▶ **DATASET CONTENT**
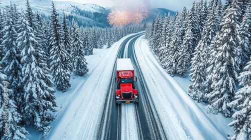 Red truck driving through a snowy landscape with fireworks.
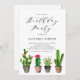 Convide convidados para o seu evento com este convite de aniversário personalizável. Ele apresenta cacto e suculentos com coloração aquosa. Personalize este convite de inicialização adicionando seus detalhes. Este convite de aniversário de cacto é perfeito para eventos de verão.
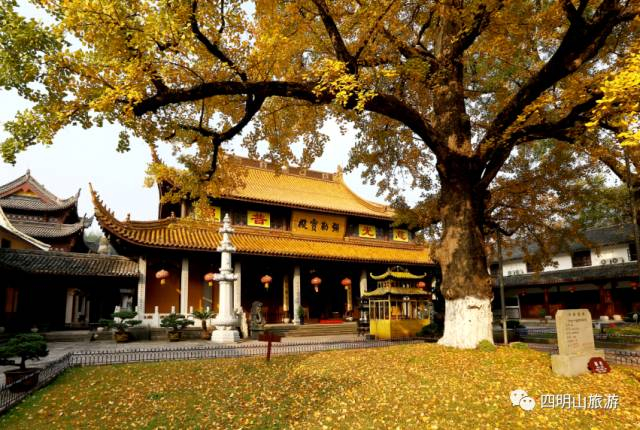 寺中的两株古银杏是雪窦寺千年岁月的见证者,左边为雌,右边为雄系汉代所栽,人称“汉代白果”。郭沫若游雪窦寺时曾说:“汉代大树,诚不虚也!”每逢秋日,银杏满叶金黄璀璨,映衬着青天和黛山,如同两盏明灯,美哉。
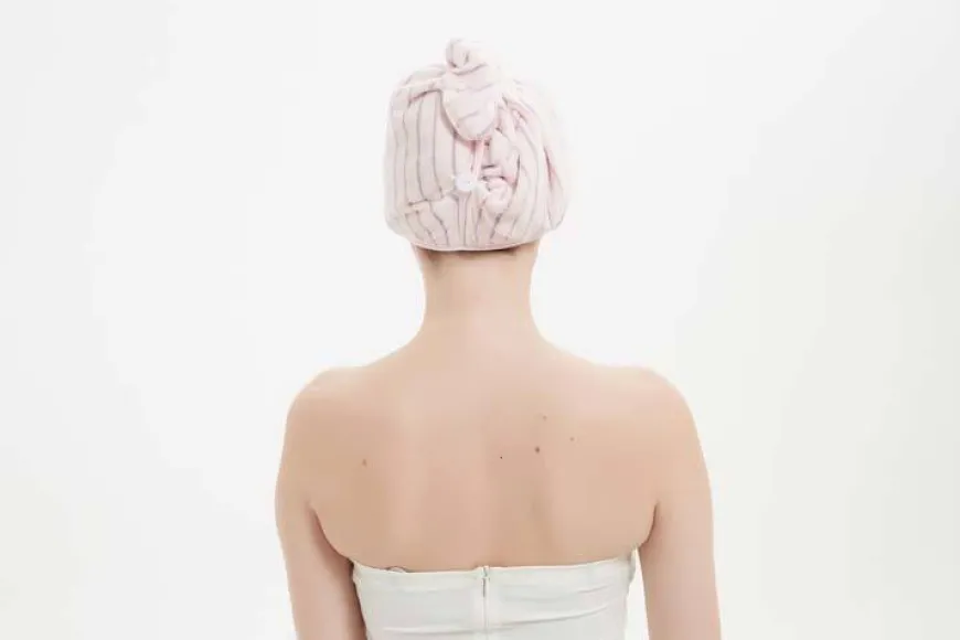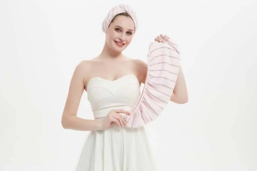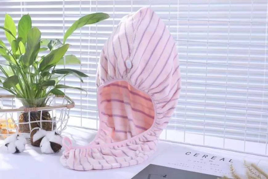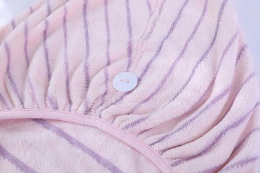 Et tosidig, hudvennlig, hurtigtørkende håndkle til håret. Håndklet sitter perfekt på hodet, og tørker håret raskere enn et vanlig håndkle gjør. Snu den rundt hodet og håret og fest håndkleet i den praktiske stroppen. Den venstre og høyre sømmen er sømløst skjøtet, og fjerner hele sykanten på det vanlige hårhåndkleet. Det er mer behagelig å ha på seg. Ved å bruke den beste elastiske stroppen for tiden, er den mer behagelig og hudvennlig og ser vakrere og mer elegant ut.
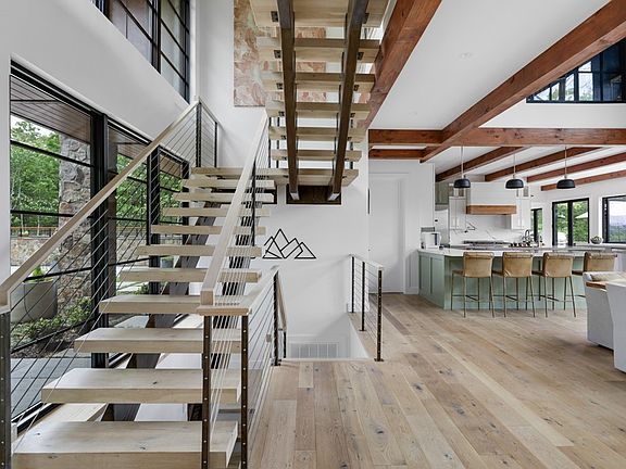 This amazing listing features a one-of-a-kind mountain top compound on one of the last large acreage tracts just 10 minutes from Blue Ridge. Includes a beautiful main house with state of the art modern amenities and breathtaking views, a fully loaded guest house, private hiking and ATV trails, greenhouse, floating infinity pool and more! Property backs onto US Forest Service for ultimate privacy. This modern mountain home comes fully designed and furnished by award-winning State and Season Home Design and has been featured on HGTV, Architectural Digest and others. Main house has 7 spacious bedrooms with walk-in closets, 2 offices, 2 kitchens, 4 full bathrooms and 1 half bathroom. Guest house has a full kitchen, 1 bedroom and 1 full bathroom. Spend your days on private ATV and hiking trails, go horseback riding in the adjacent US Forest Service land, take a swim in the infinity pool, enjoy your dinner on the deck with amazing mountain and sunset views, then settle down with a glass of wine in the hot tub! Ultimate privacy meets connectivity with an industrial generator, whole home water filtration, fiber optic internet and other touches to make your life in the country as comfortable as possible.
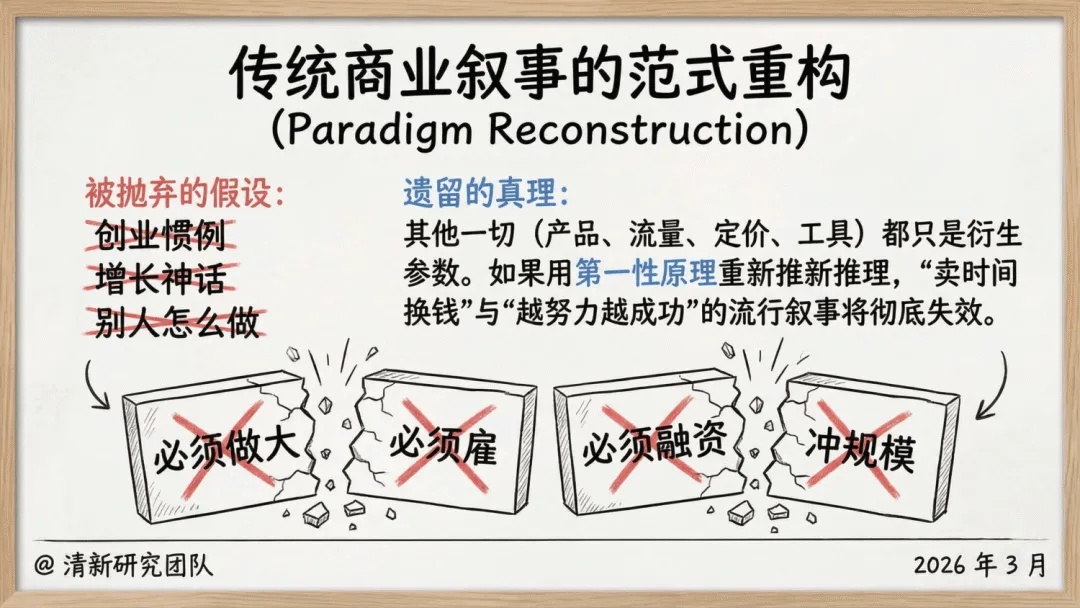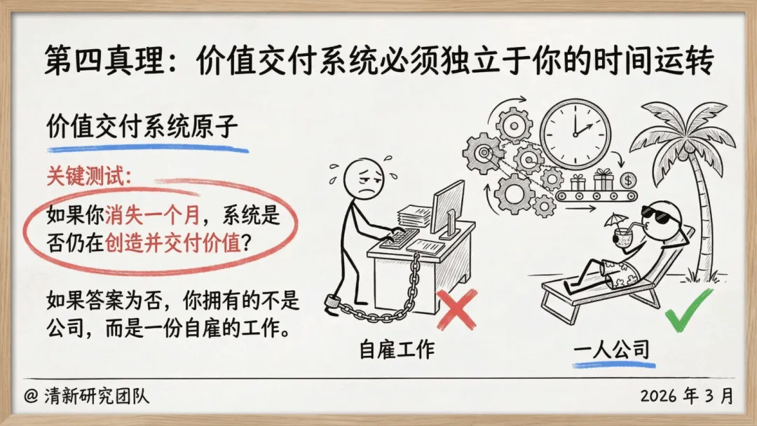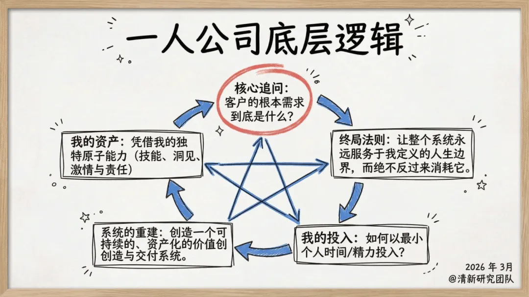 报告提出五大核心真理,奠定一人公司的理论基础:个人的时间、精力等是唯一稀缺资源;商业本质是精简的价值捕获回路,摒弃扩张执念;无团队模式的关键是产品化、自动化等极度杠杆化;价值交付系统需脱离个人时间独立运转,否则只是自雇工作;增长是可选项,追求利润与生活质量的双重最优解,而非盲目扩张。
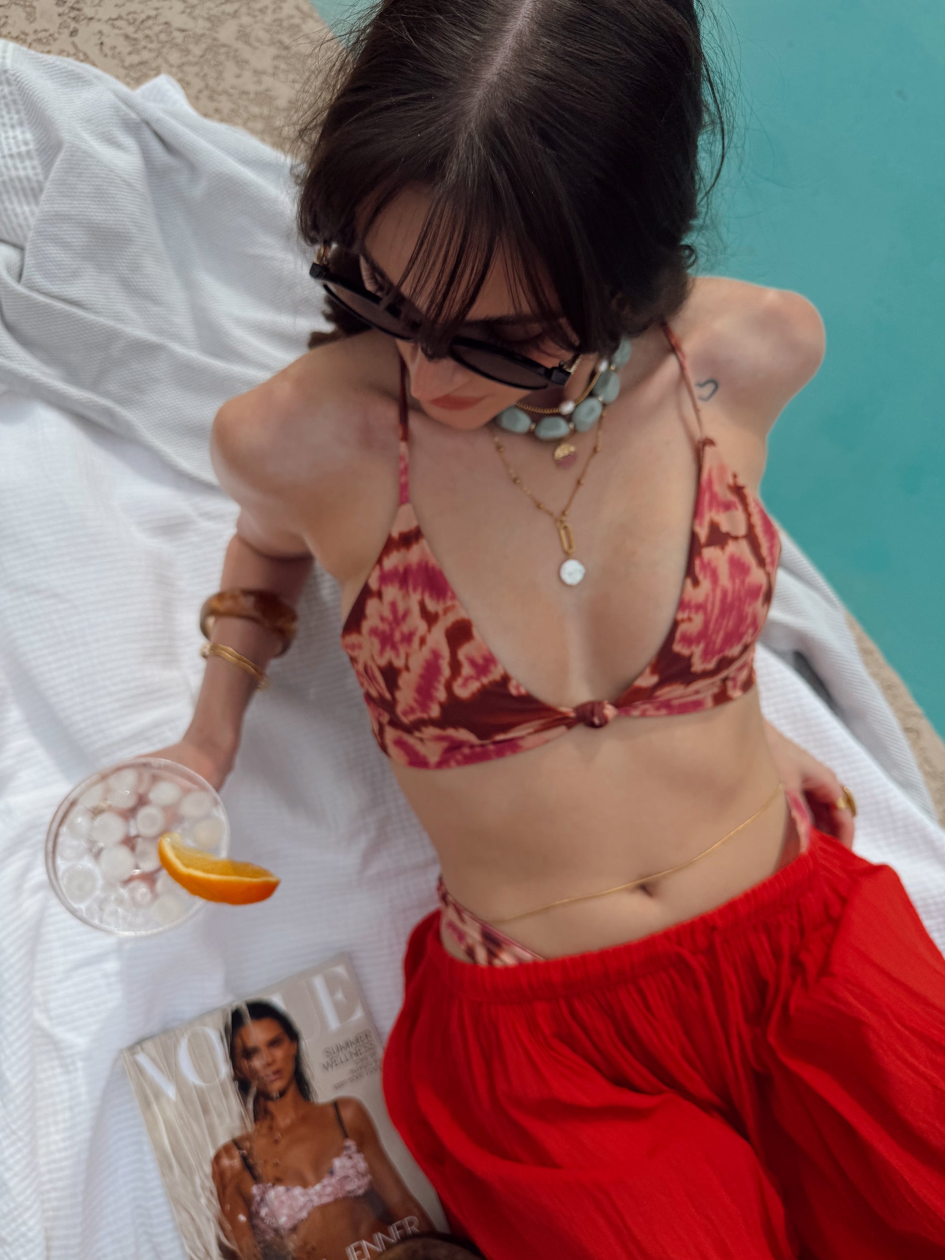 Layer Solene with a simple gold snake chain or a short choker for that rich-on-vacation look — perfect with linen, bikinis, or an open button-down at golden hour.

▶ **TASK OBJECTIVE**
Omitting all images, retype each line of the records precisely.

▶ **RESPONSE**
 Red truck driving through a snowy landscape with fireworks.
 Convide convidados para o seu evento com este convite de aniversário personalizável. Ele apresenta cacto e suculentos com coloração aquosa. Personalize este convite de inicialização adicionando seus detalhes. Este convite de aniversário de cacto é perfeito para eventos de verão.
 寺中的两株古银杏是雪窦寺千年岁月的见证者,左边为雌,右边为雄系汉代所栽,人称“汉代白果”。郭沫若游雪窦寺时曾说:“汉代大树,诚不虚也!”每逢秋日,银杏满叶金黄璀璨,映衬着青天和黛山,如同两盏明灯,美哉。
 Et tosidig, hudvennlig, hurtigtørkende håndkle til håret. Håndklet sitter perfekt på hodet, og tørker håret raskere enn et vanlig håndkle gjør. Snu den rundt hodet og håret og fest håndkleet i den praktiske stroppen. Den venstre og høyre sømmen er sømløst skjøtet, og fjerner hele sykanten på det vanlige hårhåndkleet. Det er mer behagelig å ha på seg. Ved å bruke den beste elastiske stroppen for tiden, er den mer behagelig og hudvennlig og ser vakrere og mer elegant ut.
 This amazing listing features a one-of-a-kind mountain top compound on one of the last large acreage tracts just 10 minutes from Blue Ridge. Includes a beautiful main house with state of the art modern amenities and breathtaking views, a fully loaded guest house, private hiking and ATV trails, greenhouse, floating infinity pool and more! Property backs onto US Forest Service for ultimate privacy. This modern mountain home comes fully designed and furnished by award-winning State and Season Home Design and has been featured on HGTV, Architectural Digest and others. Main house has 7 spacious bedrooms with walk-in closets, 2 offices, 2 kitchens, 4 full bathrooms and 1 half bathroom. Guest house has a full kitchen, 1 bedroom and 1 full bathroom. Spend your days on private ATV and hiking trails, go horseback riding in the adjacent US Forest Service land, take a swim in the infinity pool, enjoy your dinner on the deck with amazing mountain and sunset views, then settle down with a glass of wine in the hot tub! Ultimate privacy meets connectivity with an industrial generator, whole home water filtration, fiber optic internet and other touches to make your life in the country as comfortable as possible.
 报告提出五大核心真理,奠定一人公司的理论基础:个人的时间、精力等是唯一稀缺资源;商业本质是精简的价值捕获回路,摒弃扩张执念;无团队模式的关键是产品化、自动化等极度杠杆化;价值交付系统需脱离个人时间独立运转,否则只是自雇工作;增长是可选项,追求利润与生活质量的双重最优解,而非盲目扩张。
 Layer Solene with a simple gold snake chain or a short choker for that rich-on-vacation look — perfect with linen, bikinis, or an open button-down at golden hour.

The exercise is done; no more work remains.